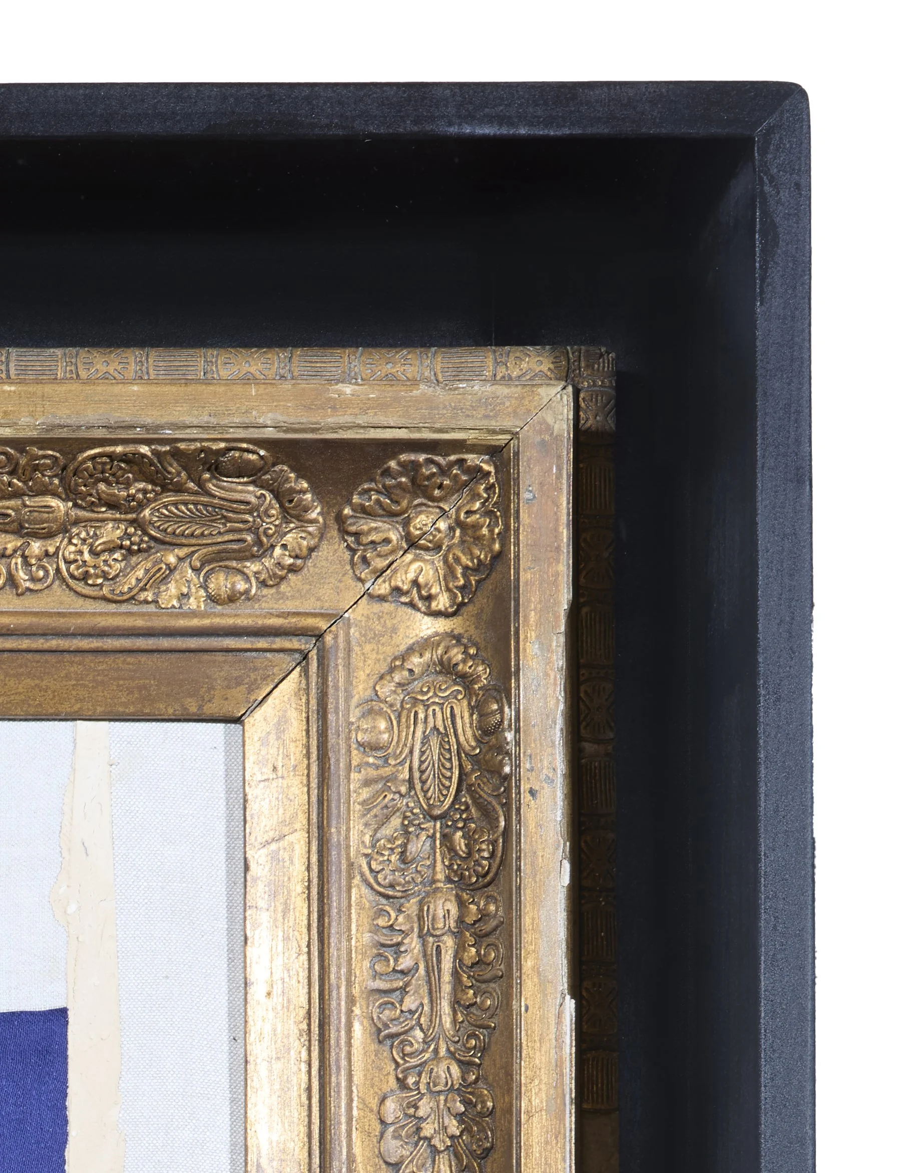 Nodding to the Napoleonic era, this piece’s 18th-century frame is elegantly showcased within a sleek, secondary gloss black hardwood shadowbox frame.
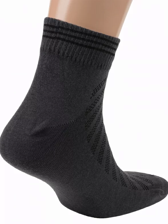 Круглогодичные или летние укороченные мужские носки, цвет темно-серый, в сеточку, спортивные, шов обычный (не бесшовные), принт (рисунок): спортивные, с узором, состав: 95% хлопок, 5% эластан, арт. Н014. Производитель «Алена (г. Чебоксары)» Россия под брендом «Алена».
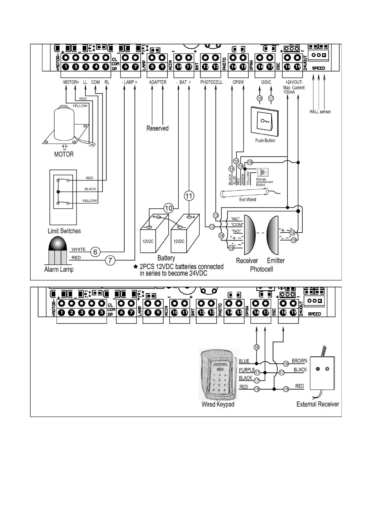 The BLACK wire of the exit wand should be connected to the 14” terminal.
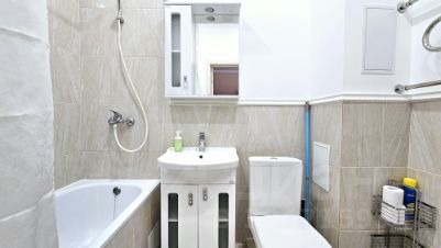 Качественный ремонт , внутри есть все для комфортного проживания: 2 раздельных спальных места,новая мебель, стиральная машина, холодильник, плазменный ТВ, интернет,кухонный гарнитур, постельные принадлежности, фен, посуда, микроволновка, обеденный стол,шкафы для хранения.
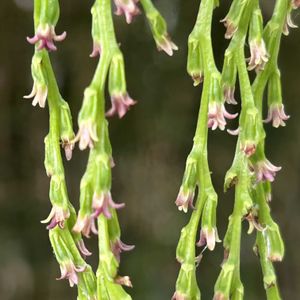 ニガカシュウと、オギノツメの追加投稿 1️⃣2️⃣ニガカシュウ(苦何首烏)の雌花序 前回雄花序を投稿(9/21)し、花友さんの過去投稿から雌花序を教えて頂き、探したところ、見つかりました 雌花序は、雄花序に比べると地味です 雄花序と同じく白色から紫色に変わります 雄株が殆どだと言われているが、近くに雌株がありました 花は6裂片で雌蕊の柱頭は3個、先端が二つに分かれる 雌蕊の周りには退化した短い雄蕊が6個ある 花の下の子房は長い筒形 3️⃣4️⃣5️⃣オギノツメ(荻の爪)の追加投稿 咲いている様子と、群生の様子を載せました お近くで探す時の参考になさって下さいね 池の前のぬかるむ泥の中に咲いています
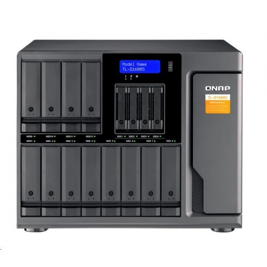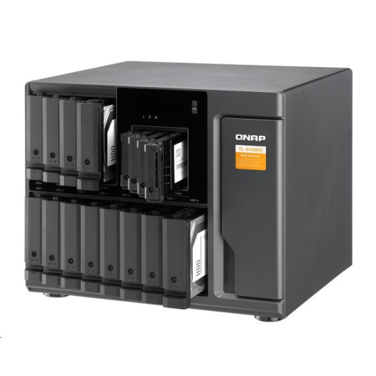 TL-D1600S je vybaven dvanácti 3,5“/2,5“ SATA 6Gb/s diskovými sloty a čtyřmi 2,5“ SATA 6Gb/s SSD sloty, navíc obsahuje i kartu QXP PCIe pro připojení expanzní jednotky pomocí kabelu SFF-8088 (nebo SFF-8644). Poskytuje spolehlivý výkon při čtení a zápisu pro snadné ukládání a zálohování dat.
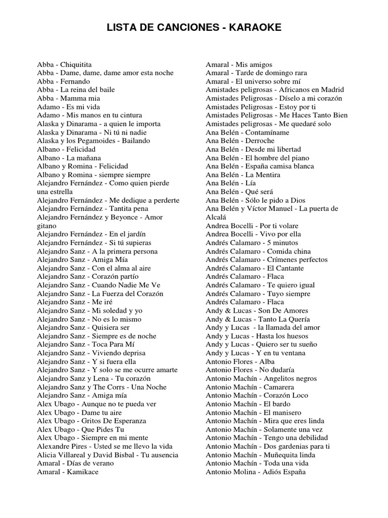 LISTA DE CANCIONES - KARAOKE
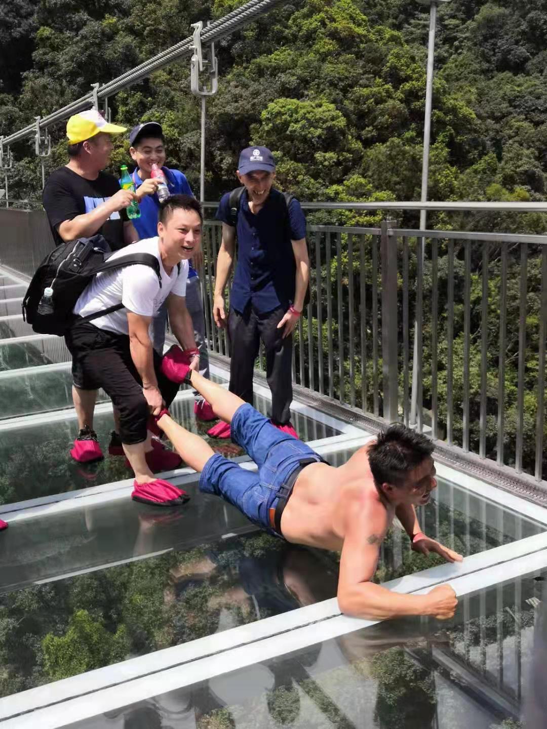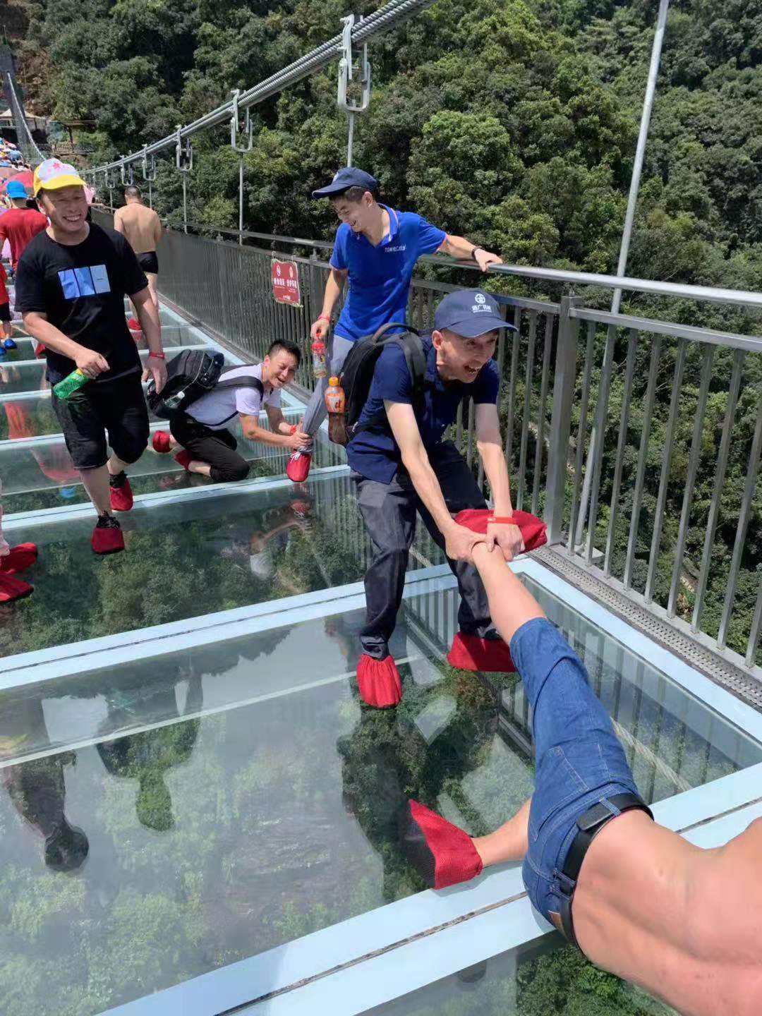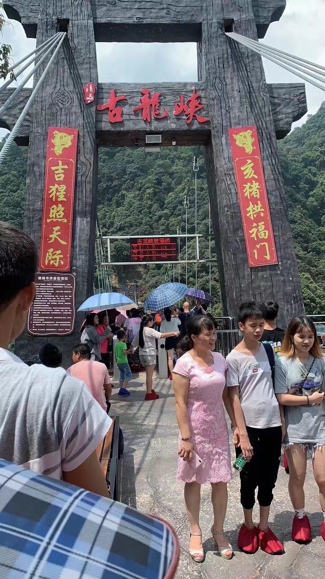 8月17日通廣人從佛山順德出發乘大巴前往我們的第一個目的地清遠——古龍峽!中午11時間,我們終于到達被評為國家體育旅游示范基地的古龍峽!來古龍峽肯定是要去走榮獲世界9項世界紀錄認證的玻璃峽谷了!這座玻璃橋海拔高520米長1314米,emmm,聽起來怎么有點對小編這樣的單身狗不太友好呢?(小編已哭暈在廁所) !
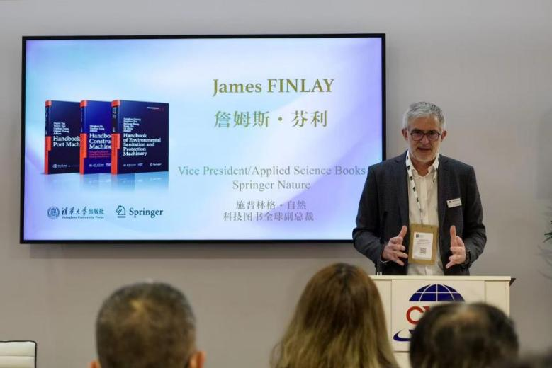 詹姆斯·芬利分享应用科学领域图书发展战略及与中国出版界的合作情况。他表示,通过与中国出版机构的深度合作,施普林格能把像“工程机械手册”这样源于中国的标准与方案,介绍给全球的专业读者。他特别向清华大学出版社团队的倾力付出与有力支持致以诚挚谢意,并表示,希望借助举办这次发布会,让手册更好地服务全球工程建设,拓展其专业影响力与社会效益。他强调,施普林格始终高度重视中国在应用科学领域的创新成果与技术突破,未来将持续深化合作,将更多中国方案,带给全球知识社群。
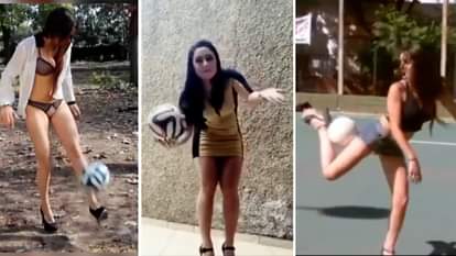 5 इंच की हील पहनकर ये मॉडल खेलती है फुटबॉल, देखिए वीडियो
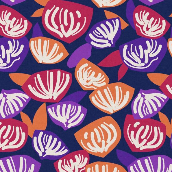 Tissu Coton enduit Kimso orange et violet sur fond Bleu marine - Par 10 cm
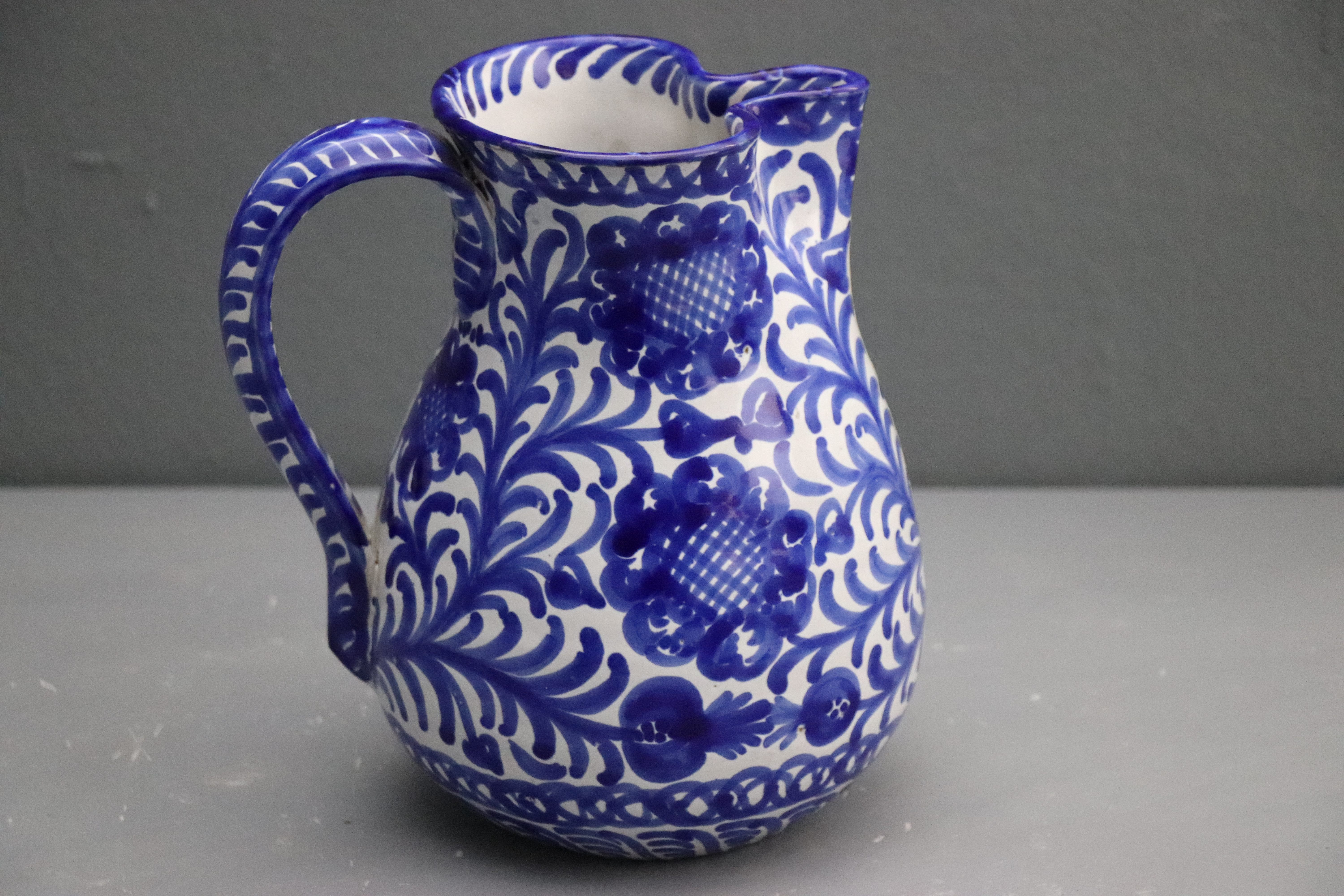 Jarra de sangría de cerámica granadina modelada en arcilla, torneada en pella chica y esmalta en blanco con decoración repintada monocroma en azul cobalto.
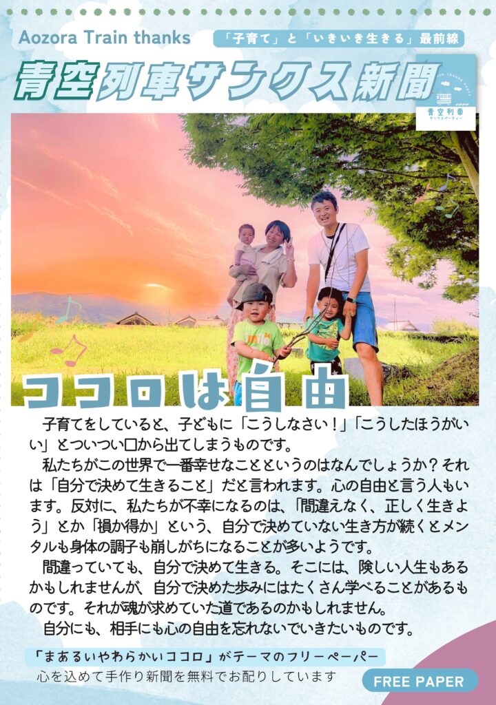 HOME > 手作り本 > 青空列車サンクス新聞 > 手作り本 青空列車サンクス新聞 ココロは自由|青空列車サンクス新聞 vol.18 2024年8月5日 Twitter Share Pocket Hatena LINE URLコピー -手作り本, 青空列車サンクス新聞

▬▬▬

REQUIRED WORK → Transcribe exactly the line that contains "The BLACK wire" and each line after it through the end of the listing. Leave out the pictures.

SOLVED PROBLEM →
 The BLACK wire of the exit wand should be connected to the 14” terminal.
 Качественный ремонт , внутри есть все для комфортного проживания: 2 раздельных спальных места,новая мебель, стиральная машина, холодильник, плазменный ТВ, интернет,кухонный гарнитур, постельные принадлежности, фен, посуда, микроволновка, обеденный стол,шкафы для хранения.
 ニガカシュウと、オギノツメの追加投稿 1️⃣2️⃣ニガカシュウ(苦何首烏)の雌花序 前回雄花序を投稿(9/21)し、花友さんの過去投稿から雌花序を教えて頂き、探したところ、見つかりました 雌花序は、雄花序に比べると地味です 雄花序と同じく白色から紫色に変わります 雄株が殆どだと言われているが、近くに雌株がありました 花は6裂片で雌蕊の柱頭は3個、先端が二つに分かれる 雌蕊の周りには退化した短い雄蕊が6個ある 花の下の子房は長い筒形 3️⃣4️⃣5️⃣オギノツメ(荻の爪)の追加投稿 咲いている様子と、群生の様子を載せました お近くで探す時の参考になさって下さいね 池の前のぬかるむ泥の中に咲いています
 TL-D1600S je vybaven dvanácti 3,5“/2,5“ SATA 6Gb/s diskovými sloty a čtyřmi 2,5“ SATA 6Gb/s SSD sloty, navíc obsahuje i kartu QXP PCIe pro připojení expanzní jednotky pomocí kabelu SFF-8088 (nebo SFF-8644). Poskytuje spolehlivý výkon při čtení a zápisu pro snadné ukládání a zálohování dat.
 LISTA DE CANCIONES - KARAOKE
 8月17日通廣人從佛山順德出發乘大巴前往我們的第一個目的地清遠——古龍峽!中午11時間,我們終于到達被評為國家體育旅游示范基地的古龍峽!來古龍峽肯定是要去走榮獲世界9項世界紀錄認證的玻璃峽谷了!這座玻璃橋海拔高520米長1314米,emmm,聽起來怎么有點對小編這樣的單身狗不太友好呢?(小編已哭暈在廁所) !
 詹姆斯·芬利分享应用科学领域图书发展战略及与中国出版界的合作情况。他表示,通过与中国出版机构的深度合作,施普林格能把像“工程机械手册”这样源于中国的标准与方案,介绍给全球的专业读者。他特别向清华大学出版社团队的倾力付出与有力支持致以诚挚谢意,并表示,希望借助举办这次发布会,让手册更好地服务全球工程建设,拓展其专业影响力与社会效益。他强调,施普林格始终高度重视中国在应用科学领域的创新成果与技术突破,未来将持续深化合作,将更多中国方案,带给全球知识社群。
 5 इंच की हील पहनकर ये मॉडल खेलती है फुटबॉल, देखिए वीडियो
 Tissu Coton enduit Kimso orange et violet sur fond Bleu marine - Par 10 cm
 Jarra de sangría de cerámica granadina modelada en arcilla, torneada en pella chica y esmalta en blanco con decoración repintada monocroma en azul cobalto.
 HOME > 手作り本 > 青空列車サンクス新聞 > 手作り本 青空列車サンクス新聞 ココロは自由|青空列車サンクス新聞 vol.18 2024年8月5日 Twitter Share Pocket Hatena LINE URLコピー -手作り本, 青空列車サンクス新聞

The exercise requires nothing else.